Но Кристап собирался рассказывать Аусме не об этом. Ему хотелось поведать о первых попытках, о крутой дороге, что привела его в нынешний день, когда он наконец с полным чувством ответственности мог назвать себя сложившимся художником со своим почерком и видением мира. Хотелось вспомнить людей, на чью дружескую помощь он опирался, делая первые самостоятельные шаги. Начало же было тесно связано с тоской по Гите — о ней думал Кристап, создавая бесчисленные настенные маски и головки, из которых позднее возникла «Лагерная девушка»…
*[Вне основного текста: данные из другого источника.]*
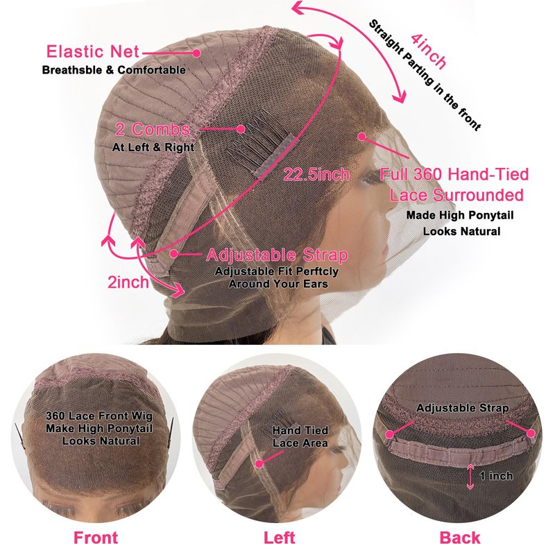 - 360 Wig Human Hair Full Lace Wig Cap:360 Lace Front Wigs Human Hair 150% Density, Breathable and Comfortable Medium Wig Cap Average Size(22-22.5 Inch ), Parting Space in Front with Adjusted Straps to Fit Almost Heads& With 2 Combs to Fix Well, You Can Wear or Take it Off Freely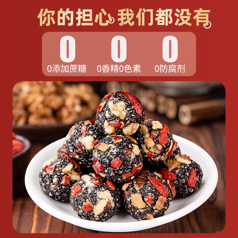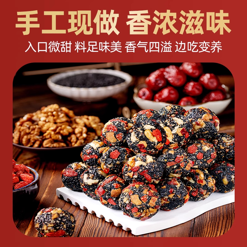 黑芝麻丸红枣核桃仁软糕芝麻球五黑丸营养孕妇老人孩子零食健康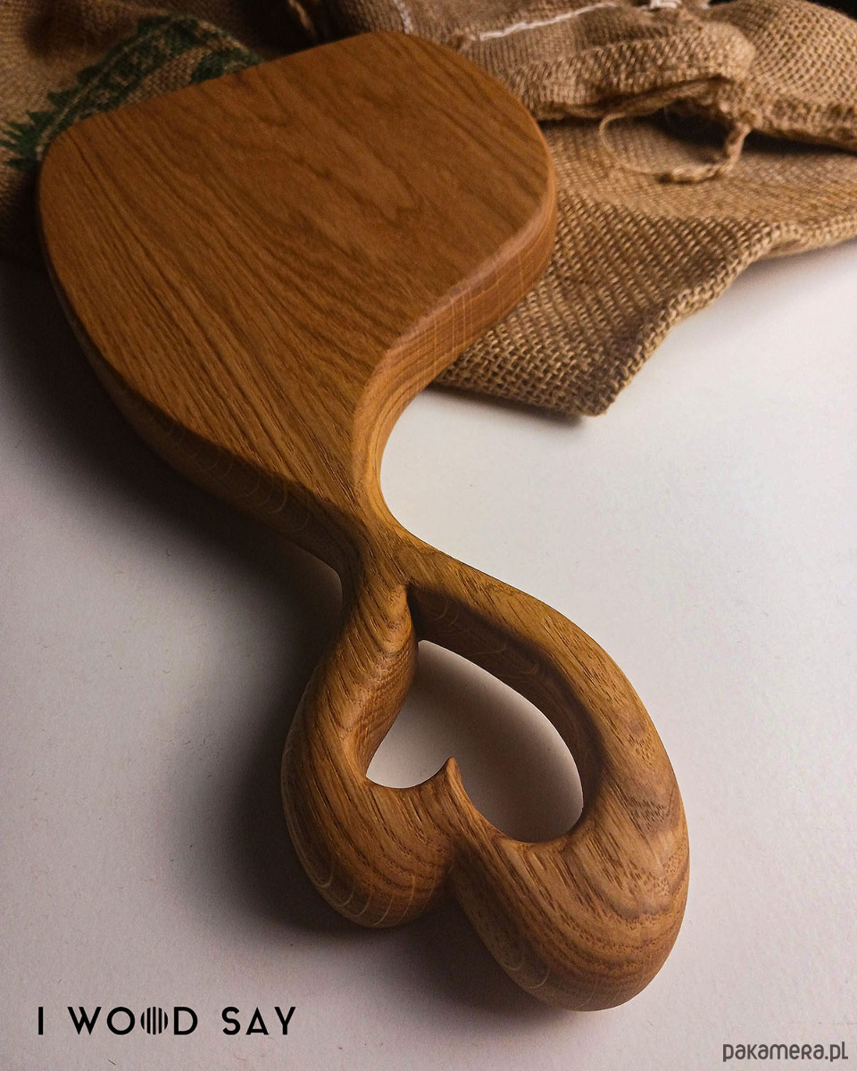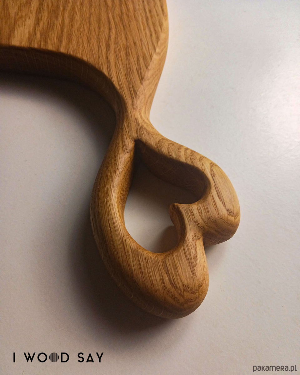 Deska z rzeźbionym uchwytem w kształcie serca, wykonana z jednego kawałka litego drewna dębowego.

Кристап, вспоминая о прошлом, перестал рисовать. Аусма сидела, боясь шевельнуться, чтобы случайным вздохом не прервать его рассказ. Мало-помалу Кристап увлекся и впервые, не таясь, доверил другому человеку все основные события своей нелегкой жизни.
* * *
Вернулся Пич. Само по себе это уже представляется чудом. Рассказ мальчика о других товарищах по Саласпилсу, которых спасло стремительное наступление Советской Армии, похож на сказку. О Гите он знает лишь, что ее услали на какой-то подземный военный завод, расположенный на западе Германии. Неужели она все еще томится в лагере для перемещенных лиц, неужели ей никак не удается вырваться оттуда?
Целую ночь напролет Кристап сочиняет послание Гите. Ему необходимо выложить все, что накопилось на душе, но его предупредили, что нужно уложиться в две минуты. Он вычеркивает, пишет, снова вычеркивает. Слова складываются в сухие и официальные фразы, взятые напрокат из газетной передовицы. Они нисколько не отражают его истинных чувств. Под утро Кристап спохватывается, что ему незачем заговаривать девушку, его цель — подать признак жизни, чтобы знала, что ее ждут.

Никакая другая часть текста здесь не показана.